Putin: Wokeness Is Dismantling The West: Cancel Culture First Happened In Russia During Bolsheviks!​...

_View: https://www.youtube.com/watch?v=45gV_0owJ20_


----------



## FarewellAngelina (Oct 30, 2021)

freygeist said:


> _View: https://www.youtube.com/watch?v=_m2RJhESkH8_​
> 
> 
> Video about the communists genocide against the Old Believers in Russia, so possibly remnants of the Old World.
> ...



Maybe if Solzhenitzyn hadn't been the son of a rich landowner living in fkn luxury whilst said rich landowners workers and their families lived in abject poverty then his whining speeches would carry more authority . Comes over as a mouthpiece for the rich parasitic classes for me. I agree with his statement that "man has forgotten God" but then so have the fkn parasites . The figure 60 million resonates with the 6 million to me.
               Communism was taken over by those self appointed elitist you know whos as was the bolshevik movement - that deadly enemy of the elitists . I mean how did the Menshevik yahoo Trotsky gain control of the red army - smacks of western "intelligence" involvement . Whole western representation of Russian history is written by the kulaks, oligarchs and capitalists . 
               That's why you are all brought up to hate the bolshies . Me ,I love 'em , because TPTB hate em so much. 
And Putin talks alot of sense for a politician .


----------



## Silveryou (Oct 30, 2021)

FarewellAngelina said:


> That's why you are all brought up to hate the bolshies . Me ,I love 'em , because TPTB hate em so much.

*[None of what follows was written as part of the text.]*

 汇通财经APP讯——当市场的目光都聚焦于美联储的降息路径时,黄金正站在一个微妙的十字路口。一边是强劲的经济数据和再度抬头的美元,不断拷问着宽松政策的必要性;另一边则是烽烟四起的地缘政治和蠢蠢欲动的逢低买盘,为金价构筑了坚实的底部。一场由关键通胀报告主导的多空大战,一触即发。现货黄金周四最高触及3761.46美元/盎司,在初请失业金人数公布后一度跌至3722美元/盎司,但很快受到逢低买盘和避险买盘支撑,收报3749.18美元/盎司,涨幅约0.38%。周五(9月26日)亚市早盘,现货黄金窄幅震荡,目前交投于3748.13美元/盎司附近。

I see a lot of love for communism by politicians and industrials all over the world. By the way, do you love the nazeeees too?


----------



## FarewellAngelina (Oct 30, 2021)

Silveryou said:


> I see a lot of love for communism by politicians and industrials all over the world. By the way, do you love the nazeeees too?

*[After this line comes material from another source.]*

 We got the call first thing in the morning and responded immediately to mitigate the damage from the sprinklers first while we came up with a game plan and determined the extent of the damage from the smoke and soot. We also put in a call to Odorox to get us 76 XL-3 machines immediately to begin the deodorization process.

Yes. Why you ask ? Which industrialists? Communist politicians love communism,yes?

Engels was from a devout christian family. Marx was his allotted parasite.


----------



## Silveryou (Oct 30, 2021)

FarewellAngelina said:


> Yes. Why you ask ? Which industrialists? Communist politicians love communism,yes?
> 
> Engels was from a devout christian family. Marx was his allotted parasite.

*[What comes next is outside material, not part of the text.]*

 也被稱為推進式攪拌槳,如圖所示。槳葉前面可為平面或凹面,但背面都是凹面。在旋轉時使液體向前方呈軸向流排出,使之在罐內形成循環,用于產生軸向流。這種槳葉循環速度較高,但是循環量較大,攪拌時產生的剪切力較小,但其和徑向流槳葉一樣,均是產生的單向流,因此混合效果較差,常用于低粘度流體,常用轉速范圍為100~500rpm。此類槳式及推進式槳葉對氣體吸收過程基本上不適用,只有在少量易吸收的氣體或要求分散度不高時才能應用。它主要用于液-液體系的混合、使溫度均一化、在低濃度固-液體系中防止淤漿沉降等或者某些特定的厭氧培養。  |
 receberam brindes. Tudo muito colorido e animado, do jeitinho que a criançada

I asked to better understand your point of view. But I failed to understand it because it seems obvious to me that Marx was on the same page of the big families out there, being of their same stock. These guys change religion at their whim, so it's a superficial aspect in my opinion. Putin confirms the conquest of Russia by a coup from that same people who hated the Russian monarchy and christianity for well known reasons. I don't really see how is it possible to reconcile Bosheviks and Nationalsocialists other than saying that the mustache guy was an homosexual arabic jew, like some unhinged guy out there proposes with some success. That's why I see love for communism everywhere and absolute hate for the nazeeeeees (I am talking about the big media here). Here an example: Opinion | Happy Birthday, Karl Marx. You Were Right! (Published 2018)


----------



## FarewellAngelina (Oct 30, 2021)

Silveryou said:


> I asked to better understand your point of view. But I failed to understand it because it seems obvious to me that Marx was on the same page of the big families out there, being of their same stock. These guys change religion at their whim, so it's a superficial aspect in my opinion. Putin confirms the conquest of Russia by a coup from that same people who hated the Russian monarchy and christianity for well known reasons. I don't really see how is it possible to reconcile Bosheviks and Nationalsocialists other than saying that the mustache guy was an homosexual arabic jew, like some unhinged guy out there proposes with some success. That's why I see love for communism everywhere and absolute hate for the nazeeeeees (I am talking about the big media here). Here an example: Opinion | Happy Birthday, Karl Marx. You Were Right! (Published 2018)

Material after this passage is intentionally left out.